Benedict was allowed to go free, departing from the Lateran Palace a few days before the consecration of Nicholas II (24 January 1059). He retired to one the castle of Passerani (a suburb of Rieti), which was held by Regetellus, the son of the Prefect Crescentius, and from there to Galeria (not far from Bracciano), which was held by Count Gerard, the son of Rainerius. In March 1060 he returned to Rome and took up residence in his own house near S. Maria Maggiore, where he remained for thirty days. Then the Archdeacon Hildebrand arrested him by force, and brought him along with himself to the Lateran, where the council was in session.[26] Pope Nicholas deemed his submission inadequate and had him publicly tried in April 1060, with Hildebrand serving as his prosecutor. Hildebrand put a document into Benedict's hands, and demanded that he read it aloud and sign it. Benedict refused, unwilling to accuse himself and saying it had nothing to do with himself. With tears and lamentations, he was forced to read it. Despite Benedict's pleading that he had been forced to assume the papal crown, he was convicted, deposed, and stripped of all his titles and his ordination as priest and bishop.[27] He was further sentenced to confinement in the guest house ('hospitium') attached to the Basilica of Sant'Agnese fuori le mura.
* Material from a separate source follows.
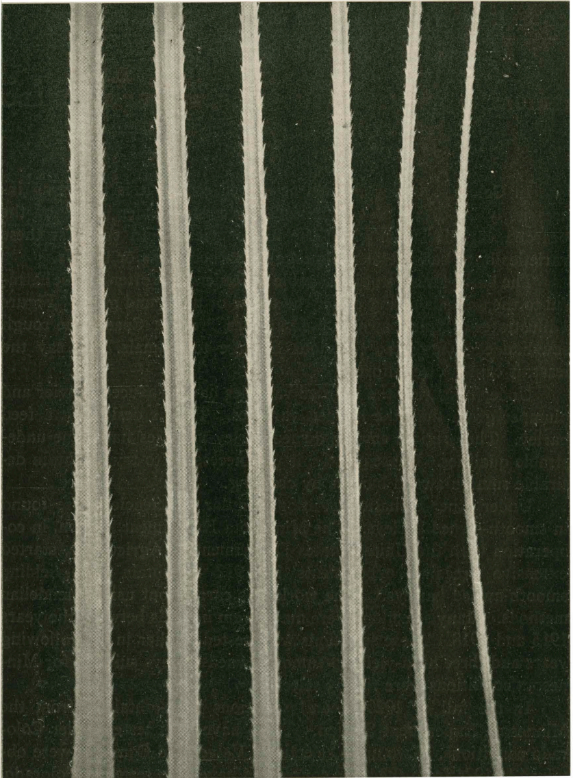
Fig. 1. Awn of Rough-Awned Barley.—Notice the rough, saw-like, barbed awn found on varieties such as Trebi and Coast which are commonly grown on irrigated land for feed.

Suppus, the Archpriest of S. Anastasia, who was the spiritual advisor of Pope Nicholas II, requested that he show Benedict indulgence, and thereupon Benedict was restored to the post of Lector.[27]

He died, still in confinement, sometime during the reign of Gregory VII, between 1073 and 1080. The Archpriest Seppus went to Pope Gregory to inform him of the death and the ceremonies with which they had buried him. Gregory burst out, saying they should have buried him with pontifical honors, and on the pope's orders, he was interred with those honors in the Basilica of Saint Agnes.[28]

Aftermath

The most important consequence of these events was the adoption of new regulations for papal elections, laid out at a synod presided over by Pope Nicholas in the Lateran Palace at Easter 1059. It was attended by 113 bishops and other clergy. It limited the vote in a papal election to the cardinal Bishops, and the right of approval to the College of Cardinals. The imperial sanction, whether obtained before an election or after one, was eliminated.[29] This was a major step in depriving the lower clergy, the nobility, and Roman citizenry from their role in the election of future popes. Additionally, the diocese which Benedict had held as Bishop of Velletri was given in administration to the Bishop of Ostia in the bull of Pope Alexander II "Si Extraneis", dated 11 June 1065.[30] Ca. 1150, Pope Eugenius III permanently combined the two dioceses into one.[31]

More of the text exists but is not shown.